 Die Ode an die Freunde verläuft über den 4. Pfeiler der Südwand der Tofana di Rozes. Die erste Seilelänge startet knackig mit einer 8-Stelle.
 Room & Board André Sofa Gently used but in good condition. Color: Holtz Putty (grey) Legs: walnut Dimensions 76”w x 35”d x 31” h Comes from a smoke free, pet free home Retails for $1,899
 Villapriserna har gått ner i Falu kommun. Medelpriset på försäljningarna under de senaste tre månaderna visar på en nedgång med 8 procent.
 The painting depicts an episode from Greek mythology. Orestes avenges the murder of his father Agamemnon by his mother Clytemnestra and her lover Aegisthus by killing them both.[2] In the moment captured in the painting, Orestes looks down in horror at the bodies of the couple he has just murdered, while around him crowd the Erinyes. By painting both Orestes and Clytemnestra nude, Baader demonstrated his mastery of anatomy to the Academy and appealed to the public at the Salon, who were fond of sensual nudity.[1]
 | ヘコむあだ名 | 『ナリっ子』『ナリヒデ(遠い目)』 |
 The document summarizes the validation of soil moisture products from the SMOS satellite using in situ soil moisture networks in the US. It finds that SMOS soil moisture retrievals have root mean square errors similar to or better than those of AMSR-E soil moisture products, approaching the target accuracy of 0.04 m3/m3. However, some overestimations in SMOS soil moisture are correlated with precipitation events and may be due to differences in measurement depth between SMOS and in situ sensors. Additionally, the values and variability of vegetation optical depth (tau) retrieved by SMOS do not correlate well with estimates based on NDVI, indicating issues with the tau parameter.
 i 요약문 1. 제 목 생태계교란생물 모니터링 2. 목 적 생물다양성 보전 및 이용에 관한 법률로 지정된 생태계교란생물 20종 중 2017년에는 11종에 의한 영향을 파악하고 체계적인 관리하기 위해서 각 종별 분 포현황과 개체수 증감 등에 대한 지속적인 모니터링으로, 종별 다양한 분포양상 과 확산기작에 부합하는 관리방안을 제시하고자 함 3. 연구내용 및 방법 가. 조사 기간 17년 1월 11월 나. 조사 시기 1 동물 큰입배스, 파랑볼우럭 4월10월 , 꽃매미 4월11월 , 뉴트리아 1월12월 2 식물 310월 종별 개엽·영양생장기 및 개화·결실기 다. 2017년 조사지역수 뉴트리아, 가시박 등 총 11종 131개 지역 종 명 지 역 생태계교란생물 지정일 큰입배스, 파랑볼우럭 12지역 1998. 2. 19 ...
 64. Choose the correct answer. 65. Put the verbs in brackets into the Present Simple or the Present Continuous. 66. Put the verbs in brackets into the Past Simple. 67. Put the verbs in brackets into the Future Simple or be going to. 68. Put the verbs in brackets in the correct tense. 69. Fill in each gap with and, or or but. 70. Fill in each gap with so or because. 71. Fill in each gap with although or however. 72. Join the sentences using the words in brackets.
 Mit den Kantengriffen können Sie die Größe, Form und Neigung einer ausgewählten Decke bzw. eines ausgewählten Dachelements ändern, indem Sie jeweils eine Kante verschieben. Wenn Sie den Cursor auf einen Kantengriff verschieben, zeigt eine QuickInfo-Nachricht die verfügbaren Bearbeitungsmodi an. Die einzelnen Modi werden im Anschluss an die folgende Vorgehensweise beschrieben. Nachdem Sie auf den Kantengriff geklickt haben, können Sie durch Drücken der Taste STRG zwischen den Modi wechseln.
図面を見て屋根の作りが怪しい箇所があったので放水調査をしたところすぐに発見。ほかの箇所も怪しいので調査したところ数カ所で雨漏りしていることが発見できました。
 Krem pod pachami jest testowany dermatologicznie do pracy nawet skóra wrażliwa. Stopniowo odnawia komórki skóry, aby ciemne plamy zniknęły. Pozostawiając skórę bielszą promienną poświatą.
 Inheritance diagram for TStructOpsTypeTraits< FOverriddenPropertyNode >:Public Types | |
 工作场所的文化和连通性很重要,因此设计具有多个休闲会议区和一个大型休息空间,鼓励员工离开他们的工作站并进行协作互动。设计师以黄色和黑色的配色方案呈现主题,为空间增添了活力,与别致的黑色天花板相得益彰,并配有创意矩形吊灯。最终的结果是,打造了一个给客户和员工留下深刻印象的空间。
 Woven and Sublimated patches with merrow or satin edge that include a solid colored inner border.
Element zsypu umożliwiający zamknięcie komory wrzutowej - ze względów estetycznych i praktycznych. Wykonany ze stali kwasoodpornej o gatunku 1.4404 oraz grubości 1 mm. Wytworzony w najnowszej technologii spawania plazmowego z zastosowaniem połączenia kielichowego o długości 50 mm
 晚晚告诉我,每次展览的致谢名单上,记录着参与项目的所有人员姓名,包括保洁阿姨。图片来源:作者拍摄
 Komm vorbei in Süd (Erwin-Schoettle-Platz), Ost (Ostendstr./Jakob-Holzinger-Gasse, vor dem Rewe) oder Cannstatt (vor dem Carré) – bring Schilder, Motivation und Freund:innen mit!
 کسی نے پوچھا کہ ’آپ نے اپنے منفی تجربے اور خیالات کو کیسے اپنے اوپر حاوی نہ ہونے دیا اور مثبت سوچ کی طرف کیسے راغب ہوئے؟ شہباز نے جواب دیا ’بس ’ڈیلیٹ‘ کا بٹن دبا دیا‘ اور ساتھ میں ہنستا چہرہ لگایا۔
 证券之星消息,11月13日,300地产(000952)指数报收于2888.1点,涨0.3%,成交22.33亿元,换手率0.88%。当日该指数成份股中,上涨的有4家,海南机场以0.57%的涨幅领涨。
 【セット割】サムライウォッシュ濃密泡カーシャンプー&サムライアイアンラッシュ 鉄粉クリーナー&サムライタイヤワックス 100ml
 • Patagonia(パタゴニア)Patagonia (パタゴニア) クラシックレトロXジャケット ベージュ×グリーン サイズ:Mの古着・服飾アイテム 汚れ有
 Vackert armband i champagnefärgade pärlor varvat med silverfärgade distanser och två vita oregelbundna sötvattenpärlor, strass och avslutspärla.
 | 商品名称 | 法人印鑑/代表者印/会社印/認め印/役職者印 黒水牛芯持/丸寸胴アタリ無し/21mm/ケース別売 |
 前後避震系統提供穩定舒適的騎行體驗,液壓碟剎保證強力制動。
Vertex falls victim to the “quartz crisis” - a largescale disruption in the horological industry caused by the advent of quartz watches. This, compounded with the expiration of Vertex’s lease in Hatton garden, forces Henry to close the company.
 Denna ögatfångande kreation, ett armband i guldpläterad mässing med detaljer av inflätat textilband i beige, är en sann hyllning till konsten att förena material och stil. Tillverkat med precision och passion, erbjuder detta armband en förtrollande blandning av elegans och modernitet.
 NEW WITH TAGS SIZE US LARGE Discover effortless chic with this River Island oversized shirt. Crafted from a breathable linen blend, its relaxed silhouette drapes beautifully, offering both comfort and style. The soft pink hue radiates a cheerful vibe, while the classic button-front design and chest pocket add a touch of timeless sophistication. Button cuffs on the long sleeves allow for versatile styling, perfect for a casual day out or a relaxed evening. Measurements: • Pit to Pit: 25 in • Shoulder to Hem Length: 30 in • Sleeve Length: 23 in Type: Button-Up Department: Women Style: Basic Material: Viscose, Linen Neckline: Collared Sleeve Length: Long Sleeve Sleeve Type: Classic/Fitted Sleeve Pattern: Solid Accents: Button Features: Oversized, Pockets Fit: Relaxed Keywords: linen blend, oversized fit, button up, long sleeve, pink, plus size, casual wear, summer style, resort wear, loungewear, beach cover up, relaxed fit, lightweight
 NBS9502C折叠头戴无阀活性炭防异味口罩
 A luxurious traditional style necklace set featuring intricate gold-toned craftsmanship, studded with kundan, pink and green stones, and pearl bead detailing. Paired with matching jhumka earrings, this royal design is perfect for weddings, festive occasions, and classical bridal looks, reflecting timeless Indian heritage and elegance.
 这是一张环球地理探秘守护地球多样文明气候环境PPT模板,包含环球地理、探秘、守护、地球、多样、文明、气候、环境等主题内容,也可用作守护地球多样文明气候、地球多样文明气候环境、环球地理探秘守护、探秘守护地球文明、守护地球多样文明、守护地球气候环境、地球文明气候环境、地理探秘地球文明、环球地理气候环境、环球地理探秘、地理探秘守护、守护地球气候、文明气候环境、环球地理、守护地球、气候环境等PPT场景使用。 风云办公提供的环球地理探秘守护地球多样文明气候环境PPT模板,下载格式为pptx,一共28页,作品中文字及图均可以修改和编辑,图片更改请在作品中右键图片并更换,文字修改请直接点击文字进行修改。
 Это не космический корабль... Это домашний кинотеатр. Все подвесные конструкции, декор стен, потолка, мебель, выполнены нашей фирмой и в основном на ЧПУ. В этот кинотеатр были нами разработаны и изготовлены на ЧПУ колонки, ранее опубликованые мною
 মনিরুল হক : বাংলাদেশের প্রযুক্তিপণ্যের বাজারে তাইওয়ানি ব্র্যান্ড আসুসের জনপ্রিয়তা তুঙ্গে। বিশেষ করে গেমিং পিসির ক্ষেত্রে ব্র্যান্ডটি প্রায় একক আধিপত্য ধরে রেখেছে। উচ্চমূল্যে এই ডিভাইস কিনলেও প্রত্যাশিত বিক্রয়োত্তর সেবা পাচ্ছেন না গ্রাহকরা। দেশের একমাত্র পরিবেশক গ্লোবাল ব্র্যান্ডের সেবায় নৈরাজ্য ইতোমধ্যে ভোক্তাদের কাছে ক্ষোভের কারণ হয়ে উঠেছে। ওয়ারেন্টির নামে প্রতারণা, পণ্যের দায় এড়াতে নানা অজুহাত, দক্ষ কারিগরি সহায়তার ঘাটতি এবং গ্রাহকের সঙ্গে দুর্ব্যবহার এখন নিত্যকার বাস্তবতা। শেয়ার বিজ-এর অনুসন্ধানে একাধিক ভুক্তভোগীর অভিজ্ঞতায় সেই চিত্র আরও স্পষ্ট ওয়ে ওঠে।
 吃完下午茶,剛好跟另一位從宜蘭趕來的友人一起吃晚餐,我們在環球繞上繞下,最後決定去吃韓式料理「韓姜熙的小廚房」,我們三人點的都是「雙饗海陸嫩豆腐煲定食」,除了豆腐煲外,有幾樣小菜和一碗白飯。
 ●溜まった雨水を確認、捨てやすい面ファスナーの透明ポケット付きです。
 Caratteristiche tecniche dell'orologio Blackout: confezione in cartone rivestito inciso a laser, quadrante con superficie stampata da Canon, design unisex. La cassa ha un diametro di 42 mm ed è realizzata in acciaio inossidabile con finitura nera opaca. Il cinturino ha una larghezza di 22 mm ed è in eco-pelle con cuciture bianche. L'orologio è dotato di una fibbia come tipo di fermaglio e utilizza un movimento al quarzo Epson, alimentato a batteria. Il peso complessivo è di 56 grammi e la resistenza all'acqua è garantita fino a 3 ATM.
== == ==
YOUR TASK: Copy out, word for word, the part of the entries above that begins at the line with "i 요약문 1. 제 목" and ends at the line with "64. Choose the", including both.

ANSWER SPACE:
 i 요약문 1. 제 목 생태계교란생물 모니터링 2. 목 적 생물다양성 보전 및 이용에 관한 법률로 지정된 생태계교란생물 20종 중 2017년에는 11종에 의한 영향을 파악하고 체계적인 관리하기 위해서 각 종별 분 포현황과 개체수 증감 등에 대한 지속적인 모니터링으로, 종별 다양한 분포양상 과 확산기작에 부합하는 관리방안을 제시하고자 함 3. 연구내용 및 방법 가. 조사 기간 17년 1월 11월 나. 조사 시기 1 동물 큰입배스, 파랑볼우럭 4월10월 , 꽃매미 4월11월 , 뉴트리아 1월12월 2 식물 310월 종별 개엽·영양생장기 및 개화·결실기 다. 2017년 조사지역수 뉴트리아, 가시박 등 총 11종 131개 지역 종 명 지 역 생태계교란생물 지정일 큰입배스, 파랑볼우럭 12지역 1998. 2. 19 ...
 64. Choose the correct answer. 65. Put the verbs in brackets into the Present Simple or the Present Continuous. 66. Put the verbs in brackets into the Past Simple. 67. Put the verbs in brackets into the Future Simple or be going to. 68. Put the verbs in brackets in the correct tense. 69. Fill in each gap with and, or or but. 70. Fill in each gap with so or because. 71. Fill in each gap with although or however. 72. Join the sentences using the words in brackets.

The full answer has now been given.